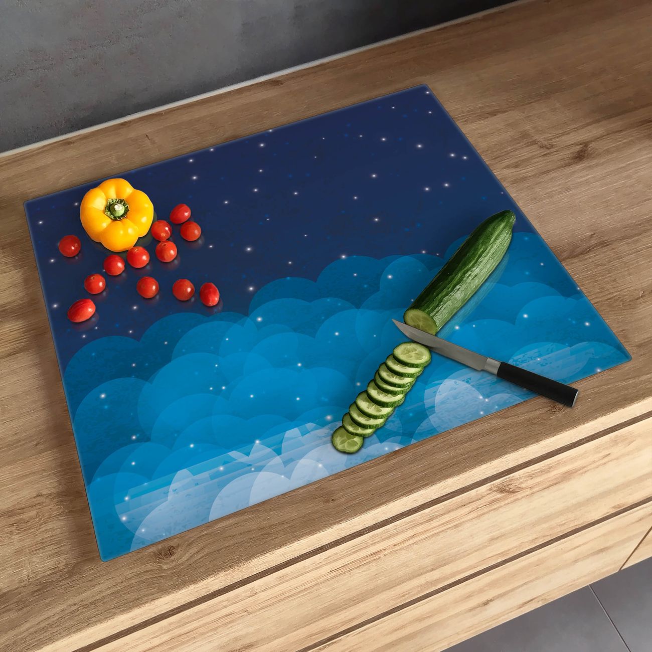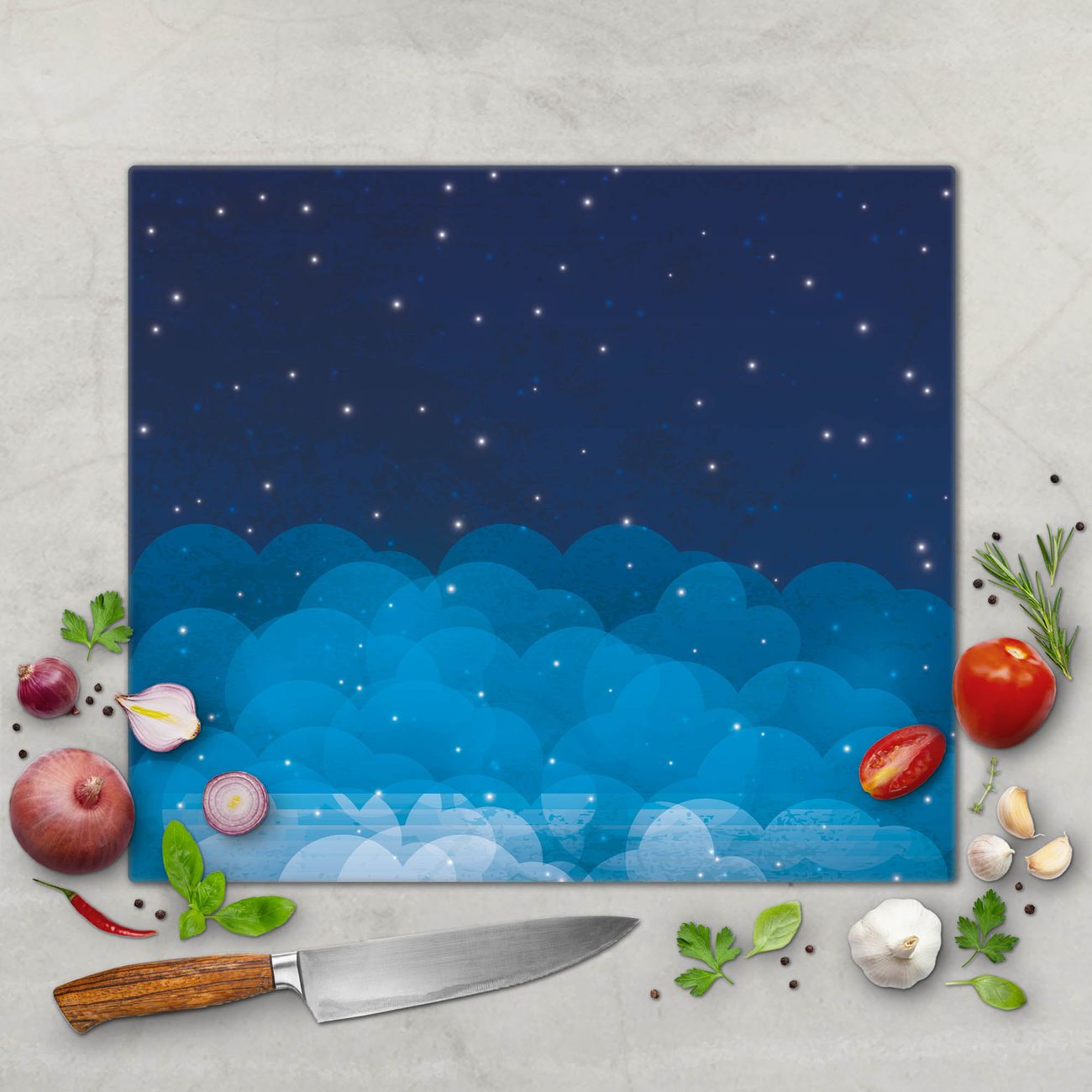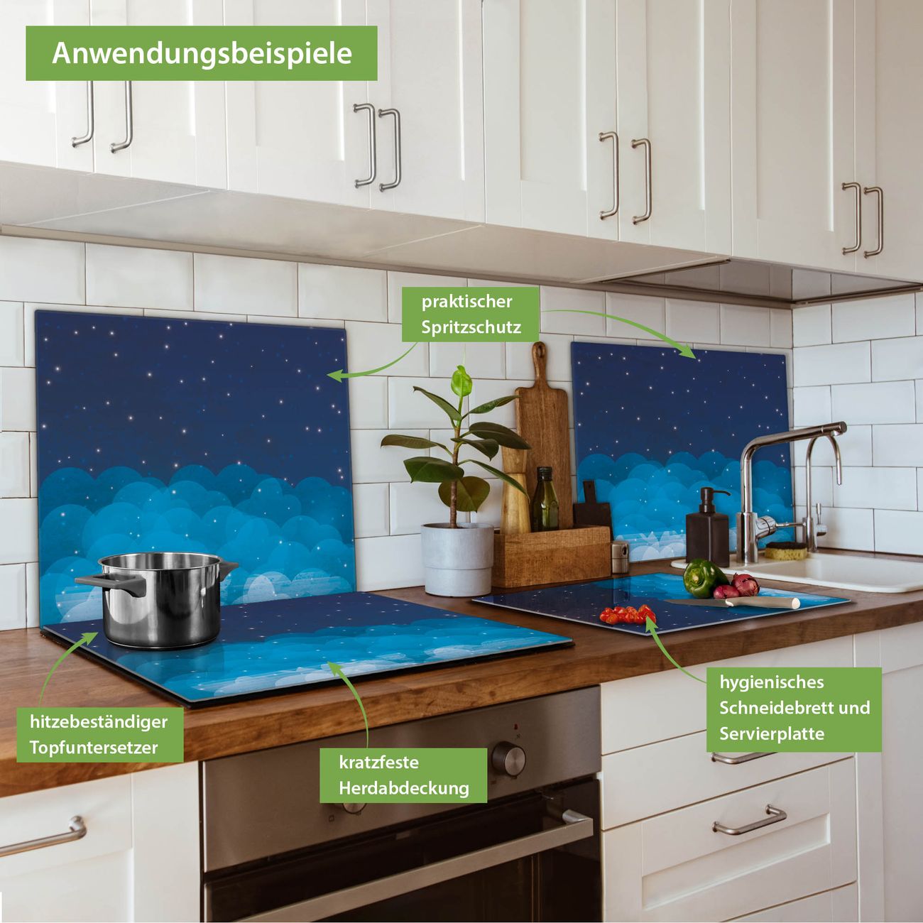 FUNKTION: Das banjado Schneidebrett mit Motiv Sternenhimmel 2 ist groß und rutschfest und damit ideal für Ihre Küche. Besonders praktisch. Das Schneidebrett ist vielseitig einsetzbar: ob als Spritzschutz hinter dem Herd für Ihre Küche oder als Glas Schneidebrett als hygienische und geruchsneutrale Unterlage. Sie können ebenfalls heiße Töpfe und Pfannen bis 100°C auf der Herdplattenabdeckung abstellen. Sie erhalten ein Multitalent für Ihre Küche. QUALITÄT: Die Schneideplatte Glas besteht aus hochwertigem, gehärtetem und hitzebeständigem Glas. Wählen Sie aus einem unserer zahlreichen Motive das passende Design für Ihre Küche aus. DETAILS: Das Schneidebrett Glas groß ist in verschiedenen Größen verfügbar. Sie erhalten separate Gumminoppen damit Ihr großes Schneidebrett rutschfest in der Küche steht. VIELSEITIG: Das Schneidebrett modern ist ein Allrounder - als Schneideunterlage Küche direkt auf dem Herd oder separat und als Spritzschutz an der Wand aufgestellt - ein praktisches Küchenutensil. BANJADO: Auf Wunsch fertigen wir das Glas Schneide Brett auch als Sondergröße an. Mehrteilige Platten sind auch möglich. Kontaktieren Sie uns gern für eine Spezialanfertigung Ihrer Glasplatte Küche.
...
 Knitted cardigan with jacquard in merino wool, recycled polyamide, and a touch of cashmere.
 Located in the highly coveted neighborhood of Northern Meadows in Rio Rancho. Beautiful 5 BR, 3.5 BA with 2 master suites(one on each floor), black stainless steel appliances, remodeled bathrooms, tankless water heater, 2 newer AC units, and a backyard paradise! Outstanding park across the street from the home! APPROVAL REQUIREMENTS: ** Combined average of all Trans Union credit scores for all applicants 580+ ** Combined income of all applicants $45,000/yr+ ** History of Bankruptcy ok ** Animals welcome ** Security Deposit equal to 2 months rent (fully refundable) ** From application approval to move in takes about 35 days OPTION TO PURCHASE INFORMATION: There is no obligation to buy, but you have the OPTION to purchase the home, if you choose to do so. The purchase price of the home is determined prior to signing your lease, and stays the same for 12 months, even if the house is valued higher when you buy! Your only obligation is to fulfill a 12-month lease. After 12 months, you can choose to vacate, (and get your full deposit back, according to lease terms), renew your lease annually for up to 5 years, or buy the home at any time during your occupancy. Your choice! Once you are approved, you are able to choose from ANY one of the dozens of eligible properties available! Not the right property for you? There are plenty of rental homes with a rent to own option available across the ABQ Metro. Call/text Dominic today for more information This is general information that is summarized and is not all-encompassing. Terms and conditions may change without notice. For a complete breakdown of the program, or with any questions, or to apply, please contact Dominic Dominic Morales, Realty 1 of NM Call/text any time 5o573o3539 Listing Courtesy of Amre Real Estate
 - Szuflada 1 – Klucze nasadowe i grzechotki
--
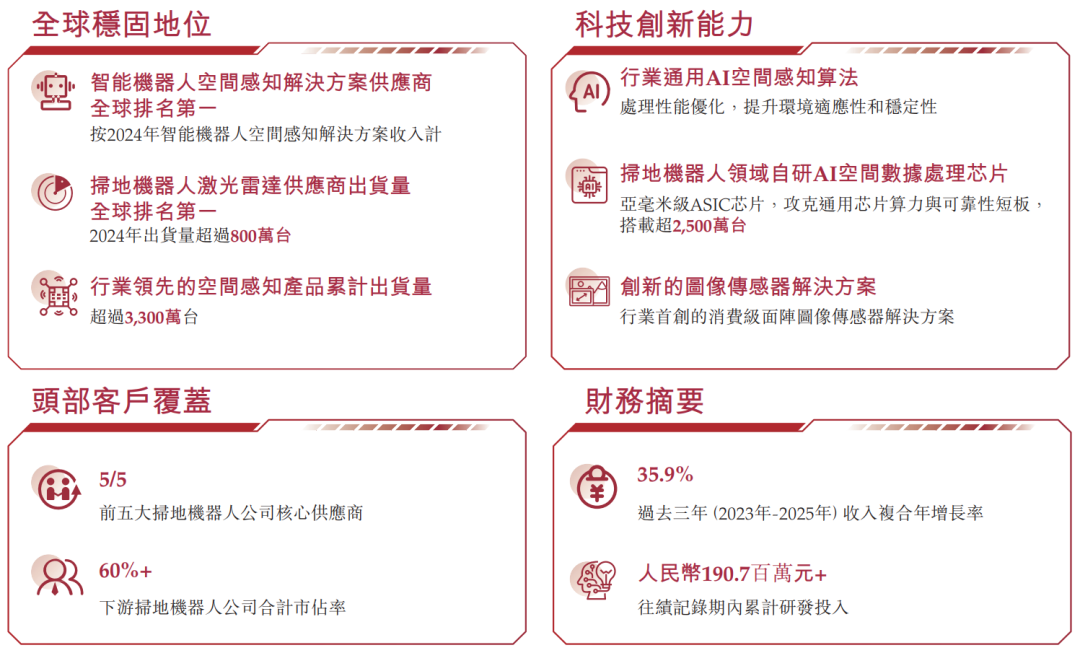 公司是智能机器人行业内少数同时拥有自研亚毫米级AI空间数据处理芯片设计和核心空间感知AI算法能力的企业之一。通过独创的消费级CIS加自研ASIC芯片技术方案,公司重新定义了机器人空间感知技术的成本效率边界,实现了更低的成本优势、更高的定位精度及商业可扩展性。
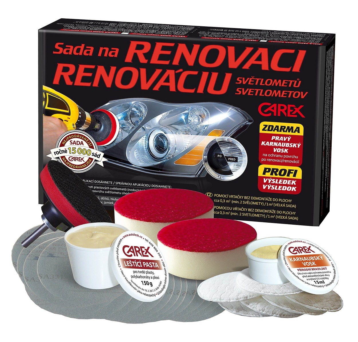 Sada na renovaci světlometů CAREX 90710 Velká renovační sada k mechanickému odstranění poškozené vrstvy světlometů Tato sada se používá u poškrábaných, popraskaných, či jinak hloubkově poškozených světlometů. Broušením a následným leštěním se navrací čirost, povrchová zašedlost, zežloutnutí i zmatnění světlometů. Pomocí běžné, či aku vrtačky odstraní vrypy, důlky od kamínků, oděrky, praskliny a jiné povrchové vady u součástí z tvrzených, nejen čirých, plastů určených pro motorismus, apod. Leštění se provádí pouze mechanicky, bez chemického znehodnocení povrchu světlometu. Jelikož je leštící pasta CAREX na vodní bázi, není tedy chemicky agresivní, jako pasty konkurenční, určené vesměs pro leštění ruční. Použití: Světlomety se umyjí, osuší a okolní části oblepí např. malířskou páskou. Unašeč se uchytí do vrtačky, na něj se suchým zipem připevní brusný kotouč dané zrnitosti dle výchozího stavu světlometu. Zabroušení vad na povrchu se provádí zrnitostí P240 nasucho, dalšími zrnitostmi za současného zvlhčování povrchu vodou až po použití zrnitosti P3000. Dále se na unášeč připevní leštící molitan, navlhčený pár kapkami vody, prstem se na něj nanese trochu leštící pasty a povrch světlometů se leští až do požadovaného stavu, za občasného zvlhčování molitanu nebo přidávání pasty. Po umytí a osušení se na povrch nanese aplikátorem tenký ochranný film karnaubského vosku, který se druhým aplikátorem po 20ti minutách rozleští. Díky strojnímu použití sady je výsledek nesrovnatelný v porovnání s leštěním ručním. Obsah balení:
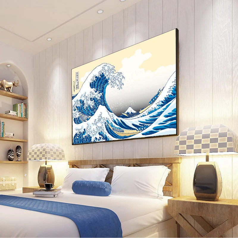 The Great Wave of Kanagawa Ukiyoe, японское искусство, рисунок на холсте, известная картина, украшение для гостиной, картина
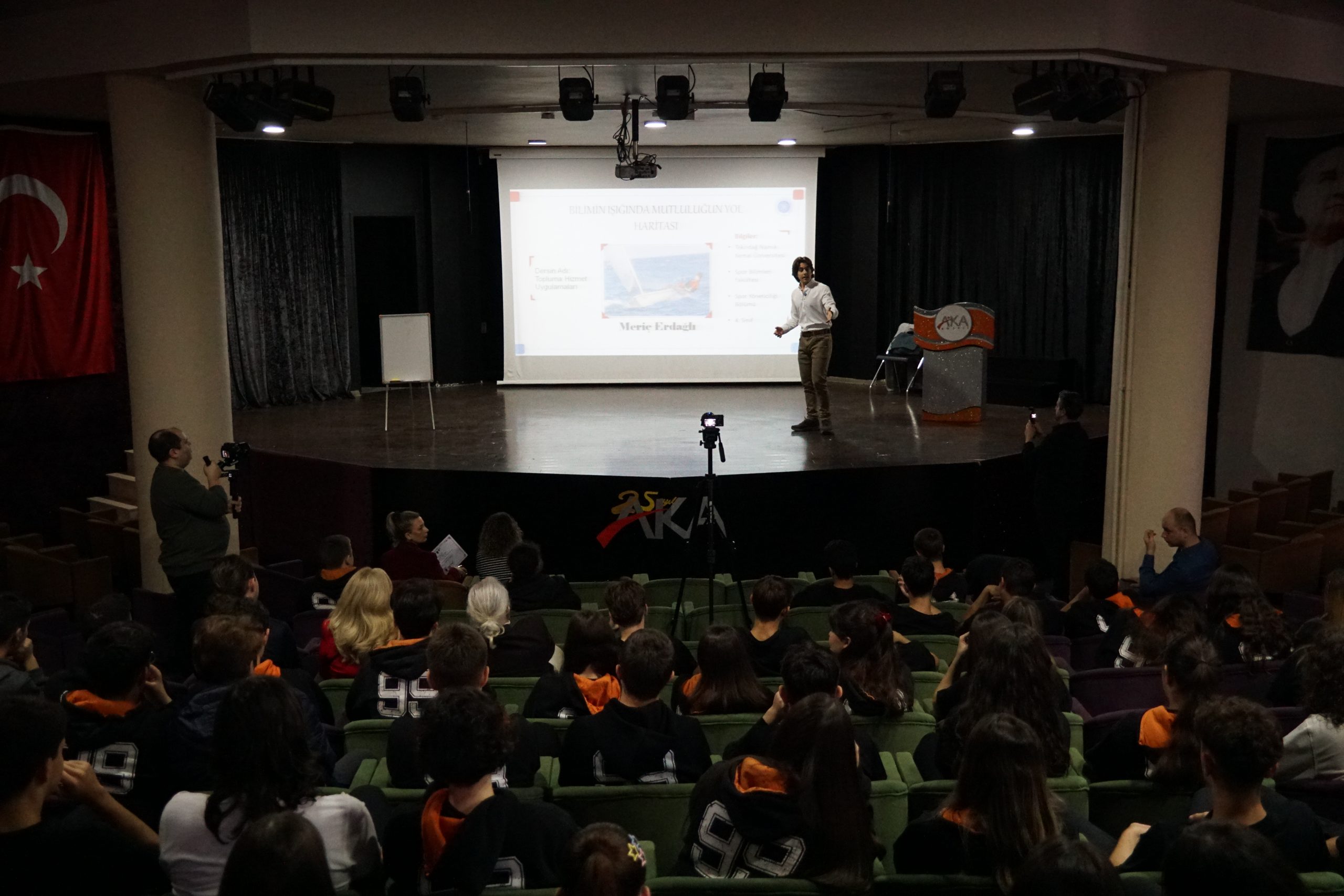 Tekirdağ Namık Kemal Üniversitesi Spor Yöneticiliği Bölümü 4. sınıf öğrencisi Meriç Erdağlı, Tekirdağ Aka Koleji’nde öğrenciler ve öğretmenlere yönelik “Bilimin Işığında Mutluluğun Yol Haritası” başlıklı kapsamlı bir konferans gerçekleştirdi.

**Exercise objective:**
Copy out all lines of the material above in which "with" occurs.

**Result of this exercise:**
 Knitted cardigan with jacquard in merino wool, recycled polyamide, and a touch of cashmere.
 Located in the highly coveted neighborhood of Northern Meadows in Rio Rancho. Beautiful 5 BR, 3.5 BA with 2 master suites(one on each floor), black stainless steel appliances, remodeled bathrooms, tankless water heater, 2 newer AC units, and a backyard paradise! Outstanding park across the street from the home! APPROVAL REQUIREMENTS: ** Combined average of all Trans Union credit scores for all applicants 580+ ** Combined income of all applicants $45,000/yr+ ** History of Bankruptcy ok ** Animals welcome ** Security Deposit equal to 2 months rent (fully refundable) ** From application approval to move in takes about 35 days OPTION TO PURCHASE INFORMATION: There is no obligation to buy, but you have the OPTION to purchase the home, if you choose to do so. The purchase price of the home is determined prior to signing your lease, and stays the same for 12 months, even if the house is valued higher when you buy! Your only obligation is to fulfill a 12-month lease. After 12 months, you can choose to vacate, (and get your full deposit back, according to lease terms), renew your lease annually for up to 5 years, or buy the home at any time during your occupancy. Your choice! Once you are approved, you are able to choose from ANY one of the dozens of eligible properties available! Not the right property for you? There are plenty of rental homes with a rent to own option available across the ABQ Metro. Call/text Dominic today for more information This is general information that is summarized and is not all-encompassing. Terms and conditions may change without notice. For a complete breakdown of the program, or with any questions, or to apply, please contact Dominic Dominic Morales, Realty 1 of NM Call/text any time 5o573o3539 Listing Courtesy of Amre Real Estate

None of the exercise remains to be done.